Tuesday, June 28, 2016


The ongoing drama of  Brexit consequences is so full of incident coming thick and fast that it's impossible to keep up, so this is the last attempt for awhile.

But those consequences--not just currency and stock market drops but several cuts in the UK's credit rating, which has longer term costs--prompted a flurry of speculation on do-overs.  The New York Times provided several ways that the UK could exit Brexit, and in the New Yorker, Brit-born John Cassidy wrote a column suggesting: "Four days after the British public voted, narrowly, to leave the European Union, there are reasons to doubt that the referendum result will ever be implemented."  Update: Joining in the speculation of how Brexit could be reversed was US Secretary of State John Kerry.
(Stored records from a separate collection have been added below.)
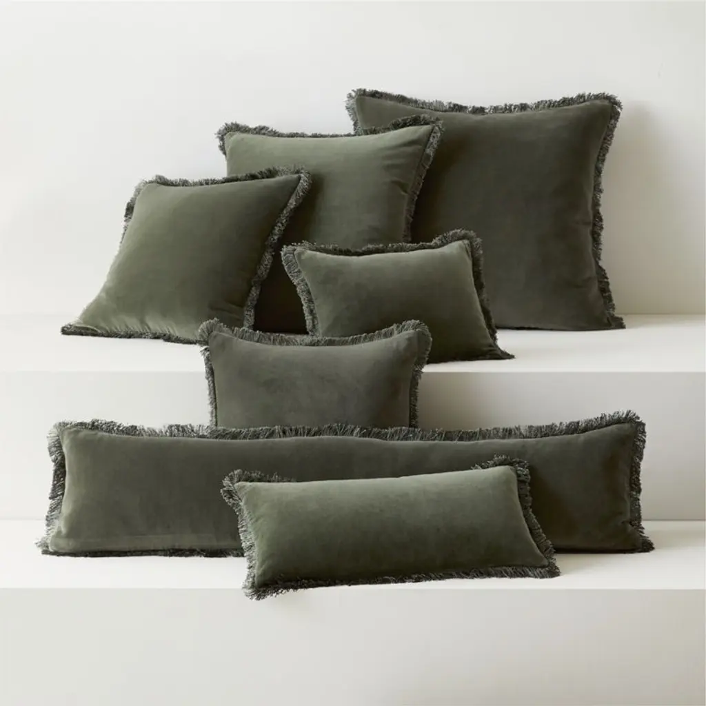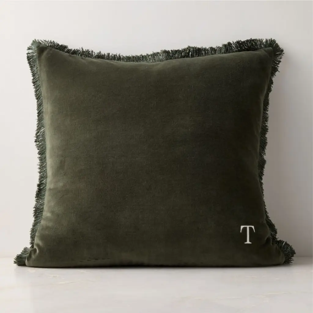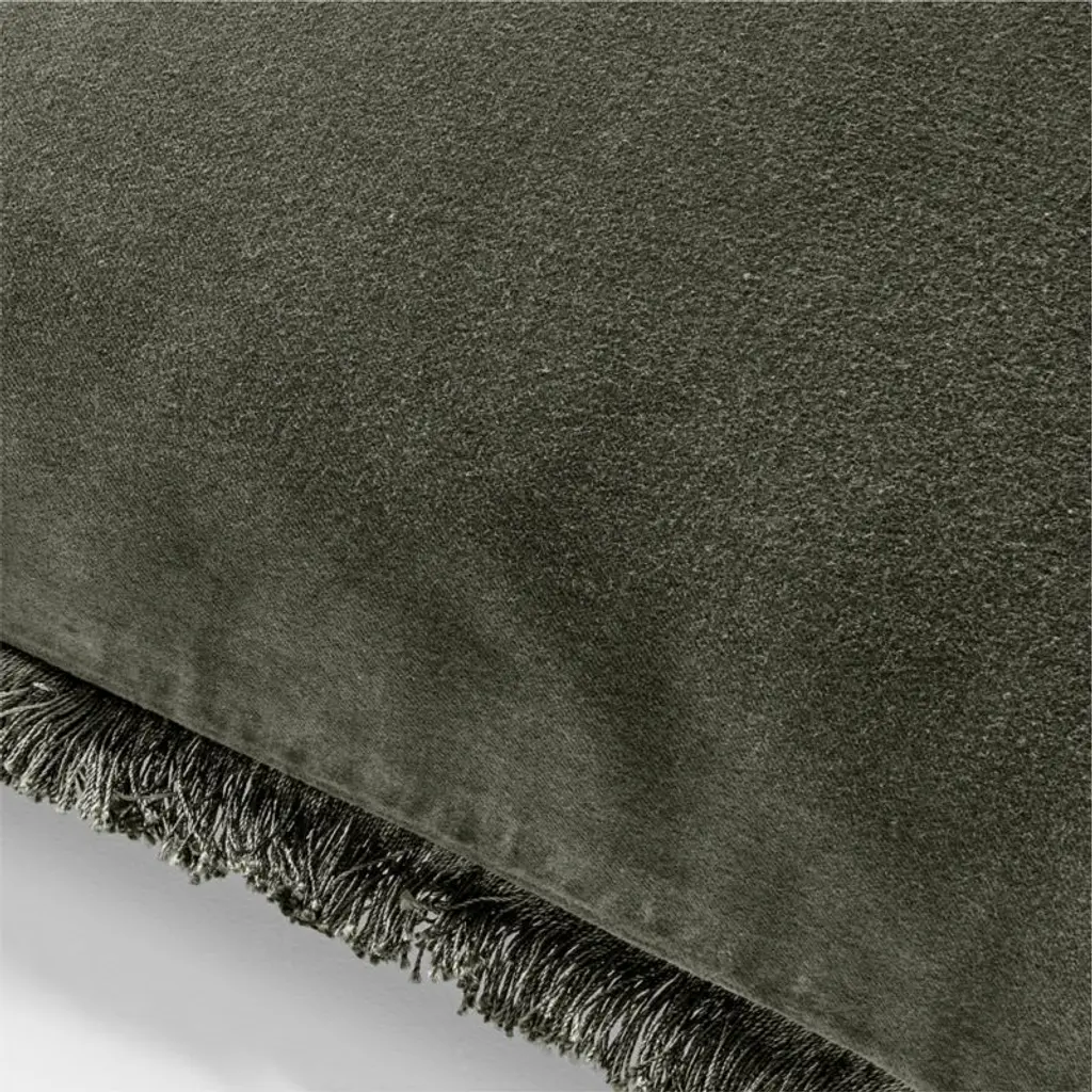 Luxurious forest green throw pillow embodies refinement and restraint. Woven from smooth organic cotton velvet, its plush surface offers a tactile richness that invites touch. Complementary tonal fringe looks polished and pulled together, while a discreet zipper closure ensures a seamless silhouette. CB2 pillows include a pillow insert in your choice of feather down or down alternative. CB2 exclusive.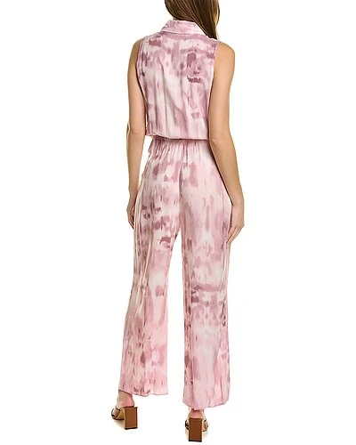 - Collared Watercolor Jumpsuit in corsage pink with spread collar, self-tie front hem, and elasticized waistband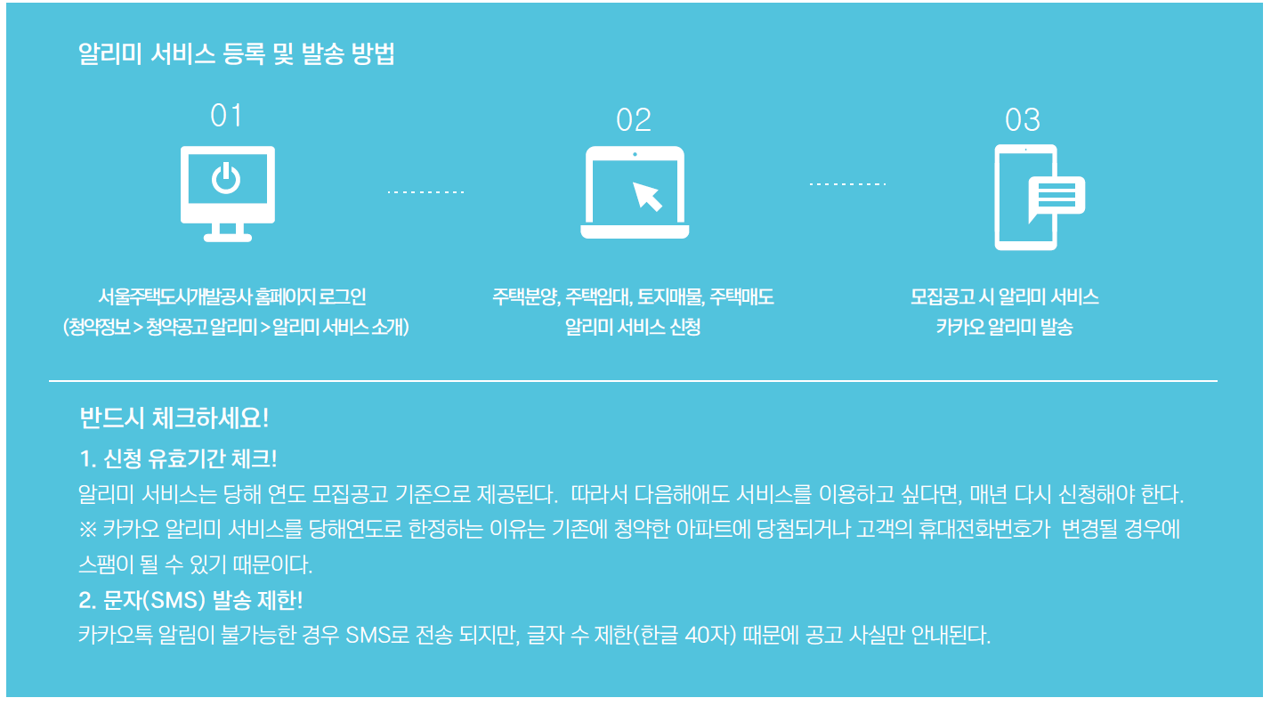 이런 번거로움을 해결해 주는 ‘서울주택도시개발공사 청약공고 알리미’ 서비스를 소개한다.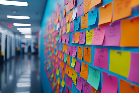 Sticky notes board in office. Many different colorful paper stickers pinned on wall. Memory notes for business planning. Created with Generative AI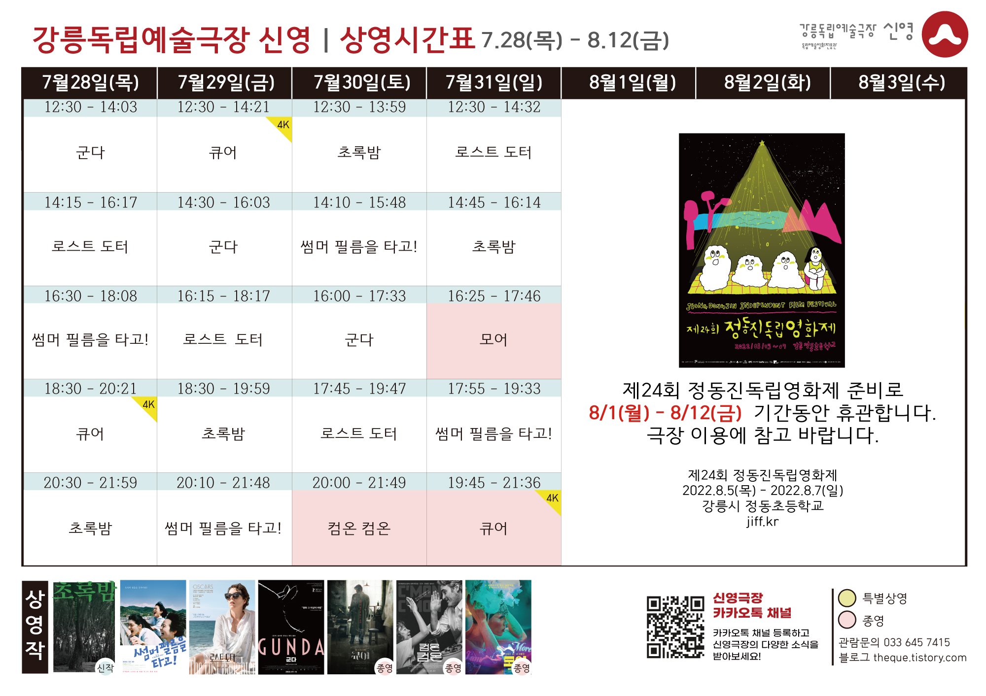 | [7.7 - 7.13] 상영 시간표 (0) | 2022.07.03 |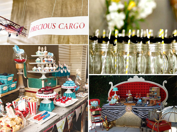 {Left: Precious Cargo from Hostess with the Mostess | Top Right: Little Man and Lemonade from First Home Love Life | Bottom Right: Vintage Circus from Kara’s Party Ideas}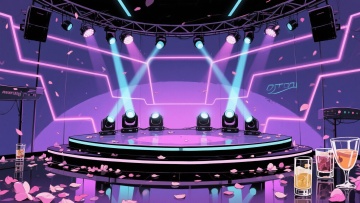 3D渲染的舞台场景,深邃宇宙星空背景,舞台以圆形多层台阶设计为主,配备现代感金属结构框架,顶部悬挂多盏聚光灯投射出蓝紫色与粉色交织的强烈光束,舞台中央有黑色音响和麦克风支架,两侧装饰有绿植和大型音响设备,整体呈现出科技感与梦幻氛围结合的音乐表演舞台,灯光璀璨,光影层次丰富,色彩以紫、粉、蓝为主色调,带有霓虹般的渐变效果,舞台地面光滑反光,背景点缀闪烁星点和几何线条装饰,营造出沉浸式演唱会现场的热闹与华丽感。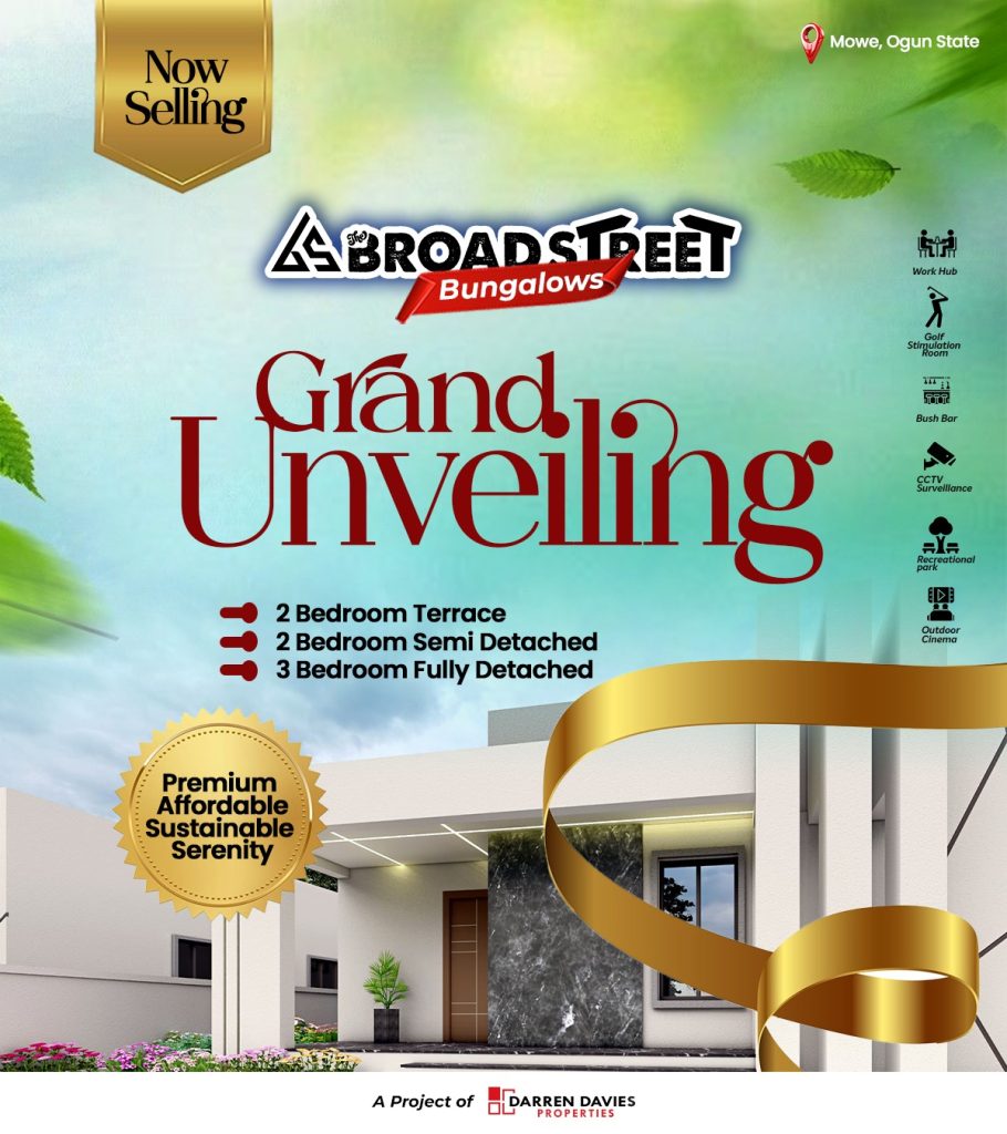 The wait is over! We are thrilled to announce the official launch of the Broadstreet Bungalow development. These are not your typical properties; each Broadstreet Bungalow is a masterpiece of modern design and efficient space. Located in the highly sought-after Mowe, Ogun State, you’ll enjoy serene community living, 24/7 Electricity and Security with seamless access to RCCG Camp, Sagamu Interchange, MFM Camp, Muritala International Airport. Whether you are a first-time homeowner, an investor, or looking to downsize, the Broadstreet Bungalow offers a unique blend of comfort, style, and value. Availability is extremely limited. Click below to explore floor plans, pricing, and book your private viewing today!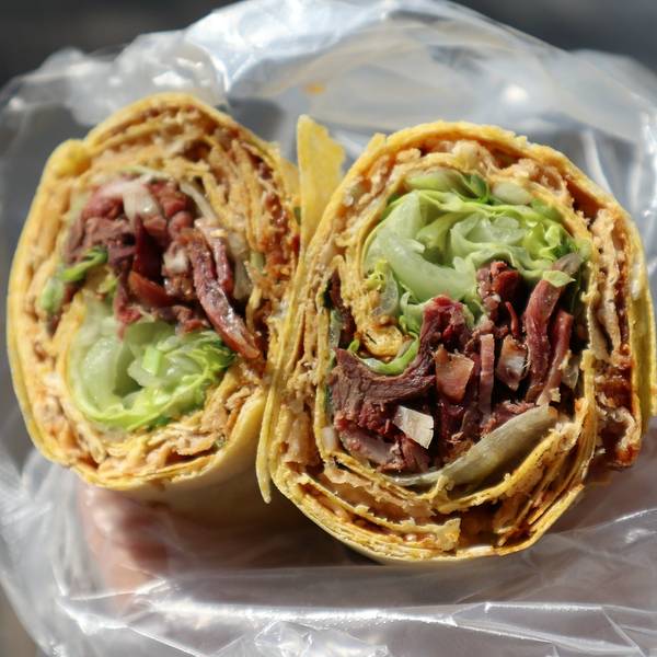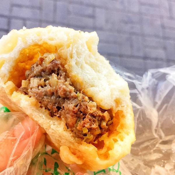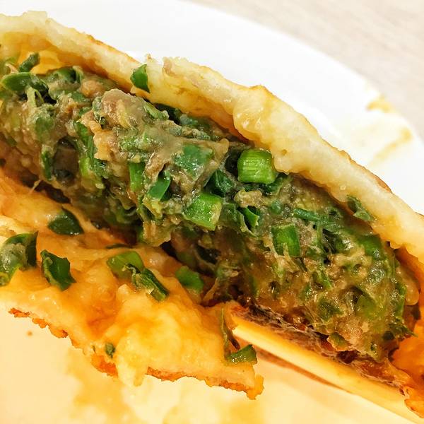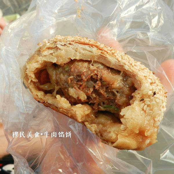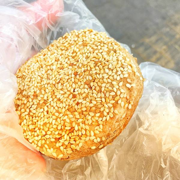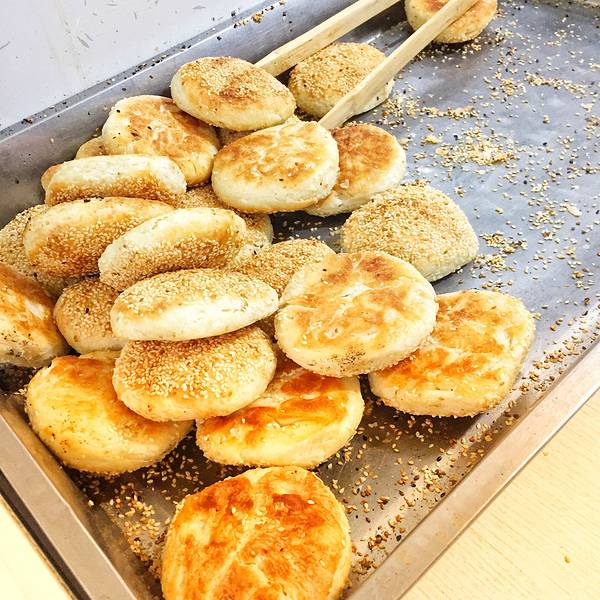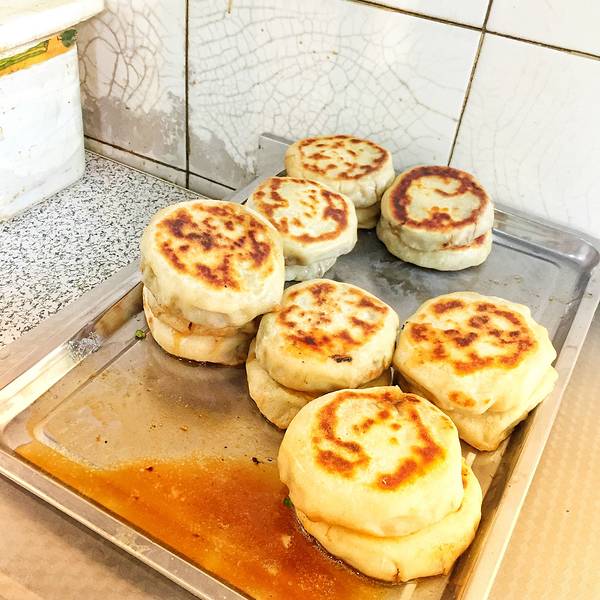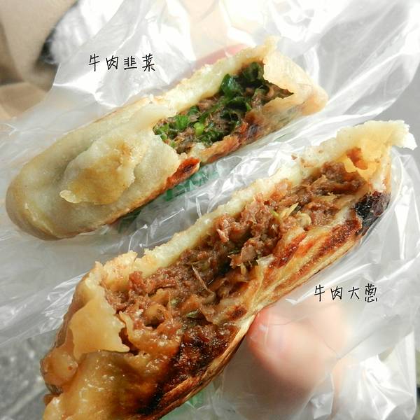 当然是更喜欢牛肉大葱馅儿的,很多人吃馅饼爱淋点醋,我爱吃原味的。轻咬开面皮,浓郁牛肉汤汁潺潺流出,香气扑鼻,一口下去面皮的薄几乎体会不出,全是牛肉和大葱的满足感。好吃。牛肉韭菜馅儿的牛肉部分显然要比大葱味儿的少一些,所以便宜5毛钱。同样多汁,牛肉新鲜。吃完离开时店里正好有刚出炉的芝麻烧饼,肚子容量有限,没有尝试。个头比满记烧饼大一圈喔,闻着也很香。

Though neither the Times nor Cassidy went so far to say a Brexit exit is likely, it was clear than many in the UK that voted to Leave--including some of the leaders of the Leave campaign--were having serious second thoughts.  One Leave promise after another was being shot down, and as it became clearer that leaders on both sides were playing politics (Cameron for calling the referendum in the first place, and Leave leaders jockeying for power), both the Conservatives and Labour were in such chaos that they are unable to provide leadership at this crucial moment.

Seeing all this, PM Cameron went a step further and said he would not initiate Brexit by officially calling for the EU's Article 50 to be invoked--that it would be up to his successor, who would not be in place until late September at the soonest. And probably longer than that.

However, the mood within the EU hierarchies was swinging back and forth.  Calls for patience and calls for quick resolution came simultaneously.  Cameron had to attend an EU meeting, where he was met with pity and anger, and one of Brexits most extreme leaders, Nigel Farage, gave a Europe-hating speech at the EU parliament, and was greeted with boos and other members turning their backs on him.

Back in England, as young Remain supporters were preparing for street demonstrations, it was suggested that many of them neglected to vote in the referendum.  Hate crimes and abuse against people from immigrant populations increased so much that PM Cameron took to the floor in Parliament to condemn them.

The targets of abuse included Polish immigrants--something that hasn't happened in the US for awhile, but perhaps Trump can revive it.  Or is that the real reason he fired Corey Lewandowski?